EXERCISE GOAL:
Using only the entries below, output the lines starting at the one containing "Boat equipment features" and ending at the one containing "Co robią weterynarze", exactly and inclusive of both, omitting the pictures.

*** DATA FOR THE TASK ***

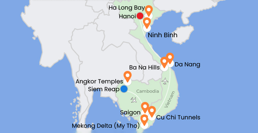 The journey begins from Kolkata, flying to Siem Reap to explore Tonlé Sap Lake, Chong Khneas Floating Village, and the magnificent temples of Angkor Thom and Angkor Wat. Continue to Ho Chi Minh City to visit the War Remnants Museum and cruise the Mekong Delta. Travel onward to Da Nang to see the Golden Bridge before flying to Hanoi, exploring Ninh Binh and cruising through Ha Long Bay. The tour concludes with a city tour of Hanoi before returning to Kolkata.
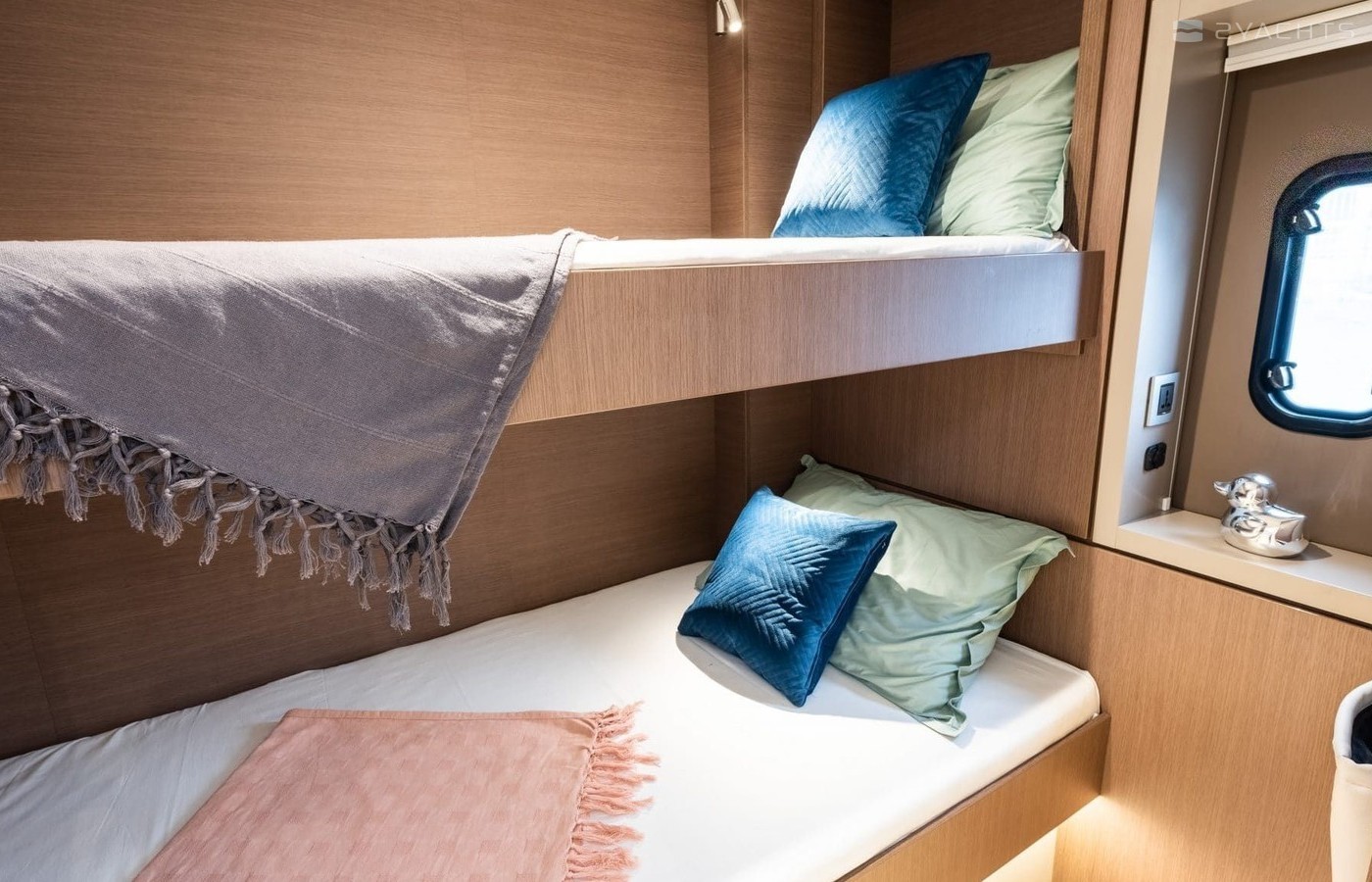Boat equipment features classical mainsail, electric winches, solar panels, generator, bimini and outside gps plotter. It also boasts a heating, air conditioning, an audio system, outside speakers and flybridge. The fully-equipped galley includes a microwave, ice maker, freezer, coffee machine and oven.
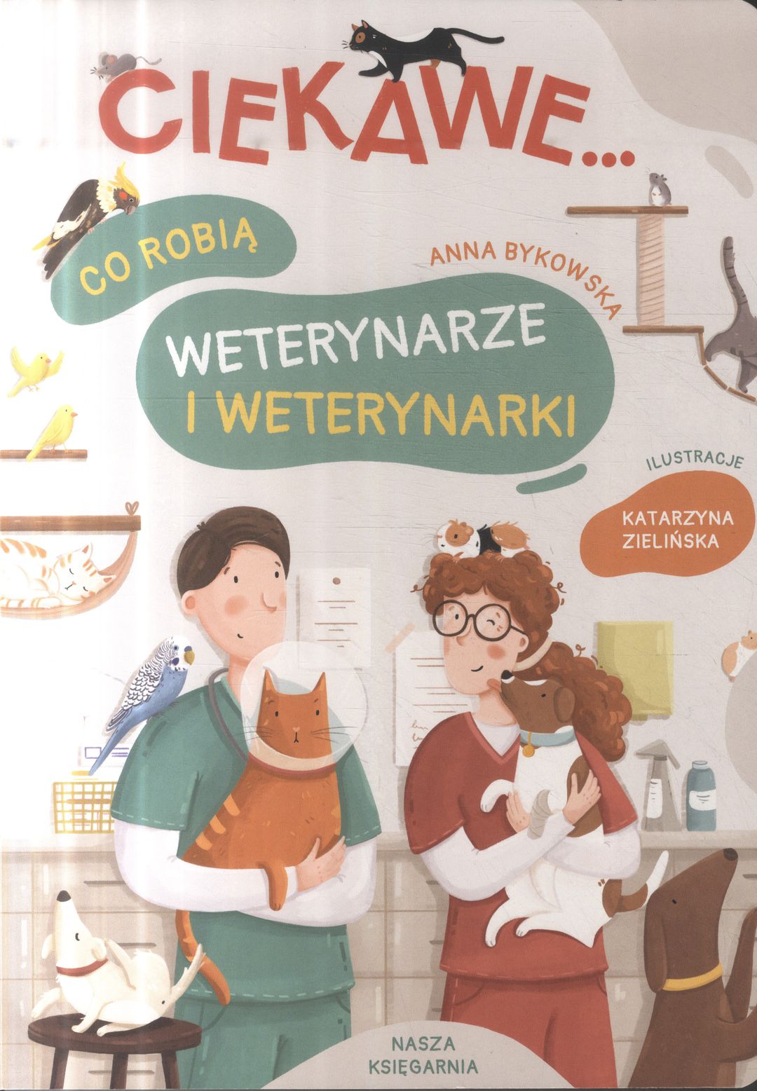 Co robią weterynarze i weterynarki / Anna Bykowska ; ilustracje Katarzyna Zielińska. - Wydanie pierwsze. - Warszawa-Wesoła : Nasza Księgarnia, copyright 2025. - [30] stron : ilustracje ; 28 cm.
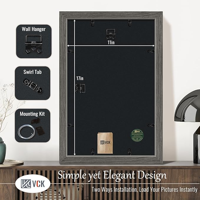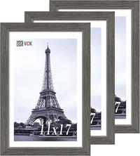 VCK 11x17 Picture Frame 3 Pack, Gray Solid Wood Poster Picture Frame, Exclusive Wood Grain, Wall Mounting Hanging
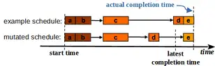 In addition to the primary objectives resulting from the task itself, it may be necessary to include auxiliary objectives in the assessment to support the achievement of one or more primary objectives. An example of a scheduling task is used for illustration purposes. The optimization goals include not only a general fast processing of all orders but also the compliance with a latest completion time. The latter is especially necessary for the scheduling of rush orders. The second goal is not achieved by the exemplary initial schedule, as shown in the adjacent figure. A following mutation does not change this, but schedules the work step d earlier, which is a necessary intermediate step for an earlier start of the last work step e of the order. As long as only the latest completion time is evaluated, however, the fitness of the mutated schedule remains unchanged, even though it represents a relevant step towards the objective of a timely completion of the order. This can be remedied, for example, by an additional evaluation of the delay of work steps. The new objective is an auxiliary one, since it was introduced in addition to the actual optimization objectives to support their achievement. A more detailed description of this approach and another example can be found in.[22]
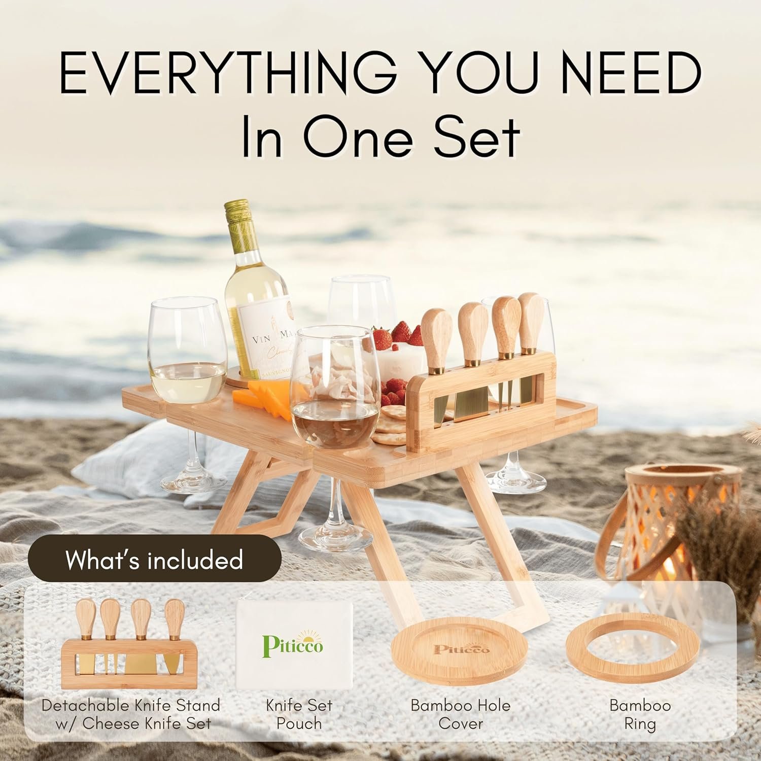 Elegant Wine Charcuterie Board: Host unforgettable picnics or cozy indoor wine nights with this portable outdoor wine table designed to hold your favorite snacks and drinks in style.

*** End of DATA FOR THE TASK ***

ANSWER TO THIS TASK:
Boat equipment features classical mainsail, electric winches, solar panels, generator, bimini and outside gps plotter. It also boasts a heating, air conditioning, an audio system, outside speakers and flybridge. The fully-equipped galley includes a microwave, ice maker, freezer, coffee machine and oven.
 Co robią weterynarze i weterynarki / Anna Bykowska ; ilustracje Katarzyna Zielińska. - Wydanie pierwsze. - Warszawa-Wesoła : Nasza Księgarnia, copyright 2025. - [30] stron : ilustracje ; 28 cm.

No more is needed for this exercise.